# Setting up a new aquarium



## ian8834 (Sep 22, 2008)

So I have had aquariums now for about 10 years. I have had several 20-29 gallon tanks, and been pretty successful in keeping the fish. Right now, I have a 20-gallon aquarium set up.

This past week I had the opportunity to purchase a 2-year old 125-gallon tank and stand with all needed equipment for under $100. Of course I took advantage of the offer! However, the only way he sold me the tank is if I bought his five fish, too. There are 4 Oscars which are about 9-10" long, and a pleco that is about 13" long. Since the only tank I have is my 20-gallon, I stuck them in there last night. When I went over there to pick up the fish and the aquarium and the fish, I took 6 five-gallon containers and filled them with the aquarium water.

I am setting up the aquarium right now. I have dumped in the water from his aquarium, and am going to fill the rest up later. A pet store near me offers free filtered water that is aquarium ready (however, cycling is still encouraged). I am planning on going and getting water to fill up the rest of the tank in an hour or so when the store opens.

My question for you is, is it safe to put the fish in the aquarium tonight? Should the water be safe for the fish?


----------



## BillD (Jun 5, 2006)

If you kept the filters alive, there should be no problems. The tank will be ready ofr fish the same day as far as the water goes, even if you take water from the tap and dechlorinate. The only possible problem is that the bacteria has died in the filters and the tank needs to cycle. Since you really need to add the fish asap, you will have to watch the water parameters carefully, for ammonia and nitrites. Plan on doing lots of water changes until the tank gets established. The old tank water is of no real benefit to you, although adding some will not do harm.


----------



## Shattered (Feb 13, 2008)

Do you want to keep the fish? If not, why not see if the LFS will give you a credit for them? 

You can also get a test kit to see, I think you'll still need some time to let the bacteria establish themselves in the whole tank.


----------



## ameekplec. (May 1, 2008)

Most LFS won't give you too much or anything or might refuse to take large oscars and common plecs. The best you can hope for is a few bucks each.

New water is totally fine. It could all new water, as long as it's filtered or treated to be safe. Good luck with the big tank!


----------



## ian8834 (Sep 22, 2008)

Here's an update:

Went and had my water tested earlier. pH is good, as is everything else except nitrates and nitrites are a little bit high. Not "dangerously" high, but still high. I have both filters running and it looks pretty good. Should I risk it and put the fish in?
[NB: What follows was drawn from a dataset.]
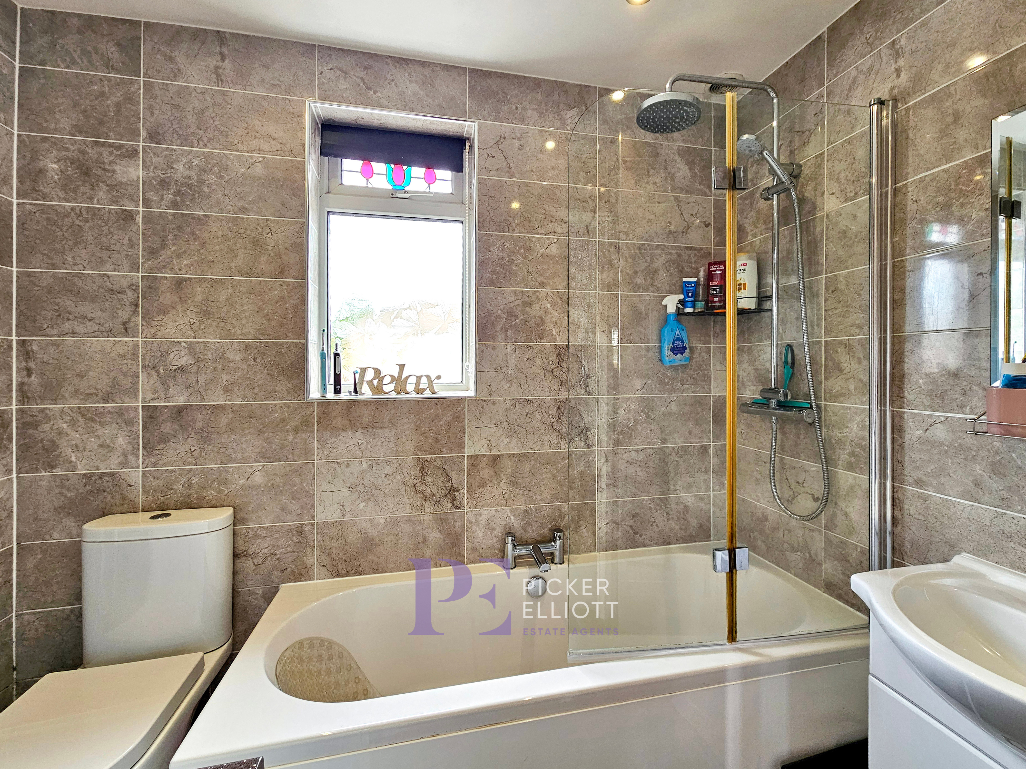 Low level flush WC, double ended bath with rain effect shower head and glass shower screen, vanity sink unit, inset spotlights, extractor fan, tiling to four walls, storage cupboard, two electric shaver points, chrome towel radiator and opaque double glazed window

Oh, and one other thing. I live in the US, but I joined this forum because I had received some valuable information from it in the past and knew that you all would be able to help me.

I went and had my water tested earlier at a pet store, and while I was there, there was a lady who offered me another huge pleco that had outgrown her tank. I always loved how the massive plecos looked in the huge aquariums, and soon I will have two!


----------



## conix67 (Jul 27, 2008)

ian8834 said:


> Here's an update:
> 
> Went and had my water tested earlier. pH is good, as is everything else except nitrates and nitrites are a little bit high. Not "dangerously" high, but still high. I have both filters running and it looks pretty good. Should I risk it and put the fish in?
> 
> ...


I don't think you need to worry about pH too much. If ammonia is 0 and nitrite level is up, the tank is definitely cycling. I'd say wait for at least 3 more days or a week before adding fish. Of course, testing the water condition before adding fishes is recommended.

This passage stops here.